The problem, he argued, is not that the market is broken. It is that the market has never been asked to account for nature.
"We are in the middle of the largest market failure in human history," he said. "The market does not price nature, emissions, and natural resources in the right way."
Participants at the session contributed to the conversation. Photo: Majlin Skjetne
The upgrade: sustainable consumption taxes
The solution Krook proposes is to put a price on nature through what he calls sustainable consumption taxes. Instead of taxing labor, governments would tax the resource footprint embedded in the goods and services people buy.
A barcode on a book, he suggested, could carry a "resource declaration" detailing how much paper was used, where it came from, and what emissions its production generated. At the point of sale, a consumption tax proportional to that footprint would apply.
The revenues raised could then be used to reduce taxes on labor, shifting the tax burden from human effort to resource consumption.
The idea to put a price on nature is not new, in fact the SSE Professor Erik Dahmén was a pioneer in the late 1960s and 1970s, promoting the core idea.
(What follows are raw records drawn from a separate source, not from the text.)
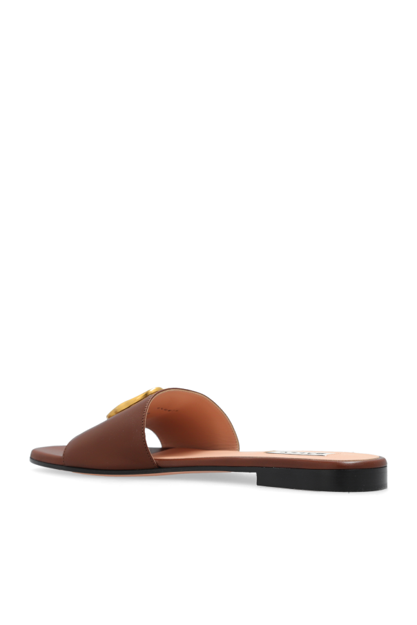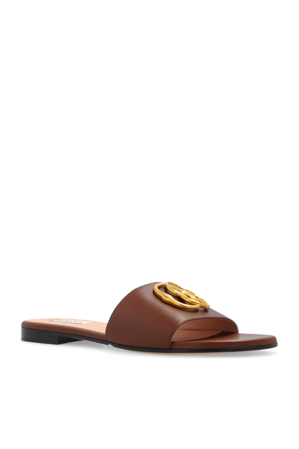 Dark brown slides from Bally. Made from lamb leather, this model sits on a light pink leather sole and features a gold-tone logo application on the front.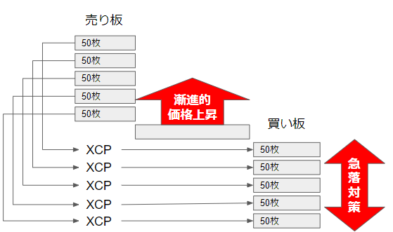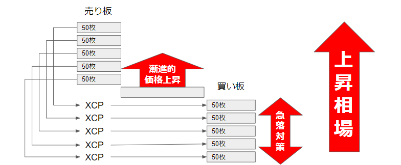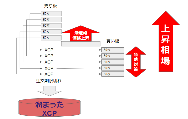 上昇相場だと買い板は置いて行かれてしまうので、XCPは自然と溜まっていきます。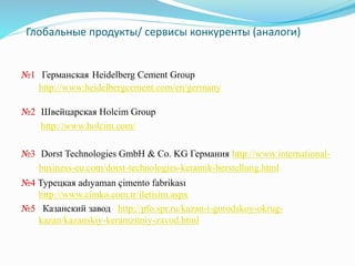 Документ описывает завод по производству строительных материалов на основе нетрадиционного сырья 'экостройсервис', включая информацию о конкурентах, как глобальных, так и региональных. Перечислены основные компании-конкуренты и их характеристики, такие как цена и качество продукции. Также представлена карта конкурентов с указанием уровня угрозы для 'экостройсервис' в контексте конкуренции.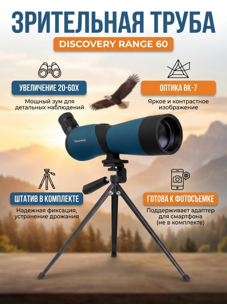 Зрительная труба Discovery Range 60 - ДоставкаДоставка по Санкт-Петербургу: бесплатно, 2-3 дня Доставка по России: стоимость уточняйте у оператора. Зрительная труба Discovery Range 60 - Отзывы0.0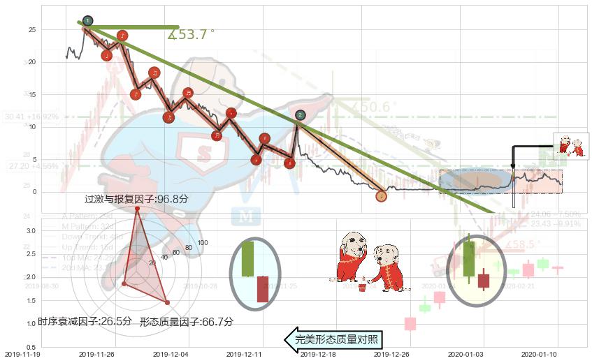 ➢ 🕰 价格走势在2020-01-10至2020-01-10期间形成锤头线(锤子线),残存影响值:2.17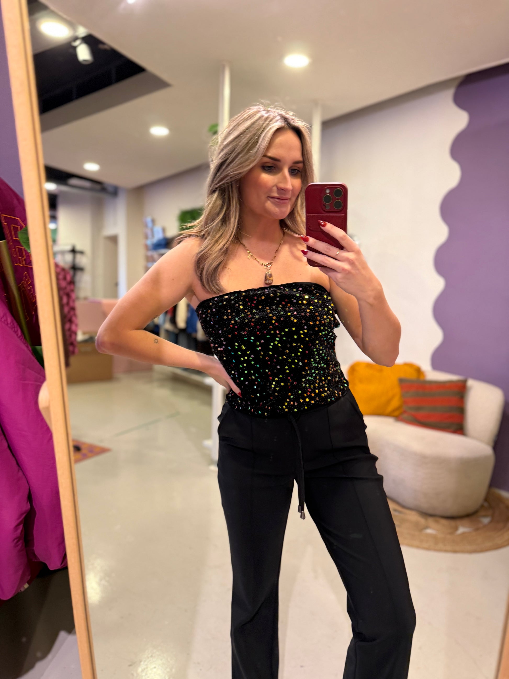 De Yindra Top van Fluresk is een echte eyecatcher! Deze korte tube top is bezaaid met glitterende pailletten op een zachte velvet voorkant – perfect voor een feestelijke look met een luxe touch. De stretch op de rug zorgt voor een comfortabele pasvorm die mooi aansluit op je lichaam.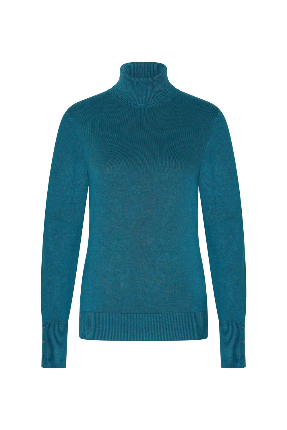 Ce pull à col roulé côtelé à manches longues est confectionné dans une viscose de bambou d'une douceur exceptionnelle. Ses poignets légèrement plus longs sont ornés de trois boutons décoratifs. Idéal comme couche supplémentaire en hiver, il se marie aussi parfaitement avec un chemisier ample pour un look élégant.

The policy principle that polluters should pay has been around since. Krook however now argues to complement and partly rethink this principle.
Previous attempts at green taxation have stalled because countries fear losing competitiveness if they move first. His model is designed to reverse that dynamic and turn sustainability into a competitive advantage.
"Early movers could gain a competitive advantage. Other countries and regions will start to follow because it's good for them."
When a country reduces labor taxes, its factories become cheaper to run. When it exports goods to markets without equivalent resource taxation, those goods become more competitive, not less.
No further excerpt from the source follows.